YOUR INSTRUCTIONS
Starting with the first line of the data below, copy each line up to and including the one containing "This off-white party". Pictures stay out.

SUPPLIED MATERIAL
<<<<
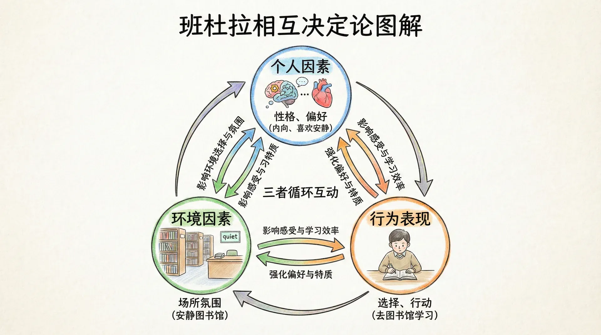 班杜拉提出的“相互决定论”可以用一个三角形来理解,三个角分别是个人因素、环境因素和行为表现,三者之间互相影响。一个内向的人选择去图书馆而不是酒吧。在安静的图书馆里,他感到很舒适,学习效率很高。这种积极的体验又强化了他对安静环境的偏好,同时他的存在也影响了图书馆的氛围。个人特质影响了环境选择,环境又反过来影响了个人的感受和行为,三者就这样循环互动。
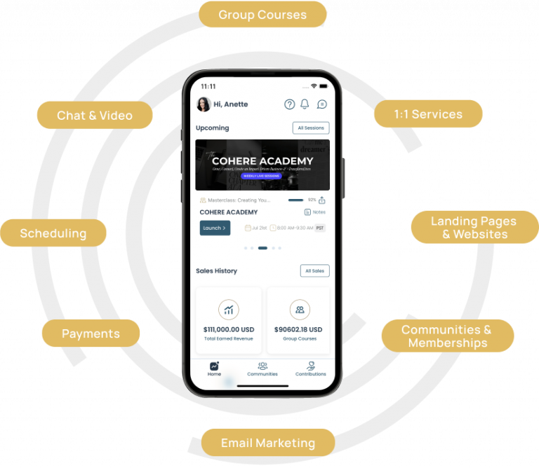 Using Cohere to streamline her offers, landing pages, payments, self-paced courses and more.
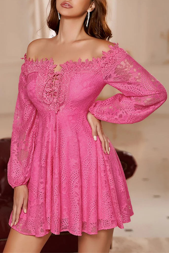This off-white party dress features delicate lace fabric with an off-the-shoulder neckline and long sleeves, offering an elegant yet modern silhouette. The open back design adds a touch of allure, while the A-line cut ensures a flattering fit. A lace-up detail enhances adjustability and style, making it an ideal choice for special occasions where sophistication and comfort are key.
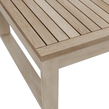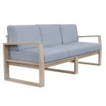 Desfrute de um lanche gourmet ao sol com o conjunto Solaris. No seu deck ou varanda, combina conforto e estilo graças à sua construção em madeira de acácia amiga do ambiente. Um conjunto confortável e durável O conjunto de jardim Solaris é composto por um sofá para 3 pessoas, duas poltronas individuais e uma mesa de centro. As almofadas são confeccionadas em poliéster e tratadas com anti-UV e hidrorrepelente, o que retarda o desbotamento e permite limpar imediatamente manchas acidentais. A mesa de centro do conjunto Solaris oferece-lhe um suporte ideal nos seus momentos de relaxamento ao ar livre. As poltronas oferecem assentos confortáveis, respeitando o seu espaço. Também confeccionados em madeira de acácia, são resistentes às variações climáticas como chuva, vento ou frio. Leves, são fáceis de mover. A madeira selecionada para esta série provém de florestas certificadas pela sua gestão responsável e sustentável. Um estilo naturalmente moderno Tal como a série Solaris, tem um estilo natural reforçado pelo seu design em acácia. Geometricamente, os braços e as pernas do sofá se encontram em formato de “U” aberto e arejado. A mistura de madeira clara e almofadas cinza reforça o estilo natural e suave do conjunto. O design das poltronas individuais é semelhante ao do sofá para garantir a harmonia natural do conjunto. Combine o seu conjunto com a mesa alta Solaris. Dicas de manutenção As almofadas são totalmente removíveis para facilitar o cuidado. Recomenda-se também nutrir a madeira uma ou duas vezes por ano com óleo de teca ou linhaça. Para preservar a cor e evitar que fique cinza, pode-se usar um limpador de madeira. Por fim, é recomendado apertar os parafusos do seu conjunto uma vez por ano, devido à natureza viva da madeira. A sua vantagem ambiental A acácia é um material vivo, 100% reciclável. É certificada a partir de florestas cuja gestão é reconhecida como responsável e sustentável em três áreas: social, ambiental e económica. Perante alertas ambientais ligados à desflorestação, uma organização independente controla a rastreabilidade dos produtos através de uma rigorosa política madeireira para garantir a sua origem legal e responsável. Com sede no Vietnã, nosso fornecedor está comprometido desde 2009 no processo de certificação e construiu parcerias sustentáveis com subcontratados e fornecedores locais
>>>>
RESULT FOR THIS TASK
 班杜拉提出的“相互决定论”可以用一个三角形来理解,三个角分别是个人因素、环境因素和行为表现,三者之间互相影响。一个内向的人选择去图书馆而不是酒吧。在安静的图书馆里,他感到很舒适,学习效率很高。这种积极的体验又强化了他对安静环境的偏好,同时他的存在也影响了图书馆的氛围。个人特质影响了环境选择,环境又反过来影响了个人的感受和行为,三者就这样循环互动。
 Using Cohere to streamline her offers, landing pages, payments, self-paced courses and more.
This off-white party dress features delicate lace fabric with an off-the-shoulder neckline and long sleeves, offering an elegant yet modern silhouette. The open back design adds a touch of allure, while the A-line cut ensures a flattering fit. A lace-up detail enhances adjustability and style, making it an ideal choice for special occasions where sophistication and comfort are key.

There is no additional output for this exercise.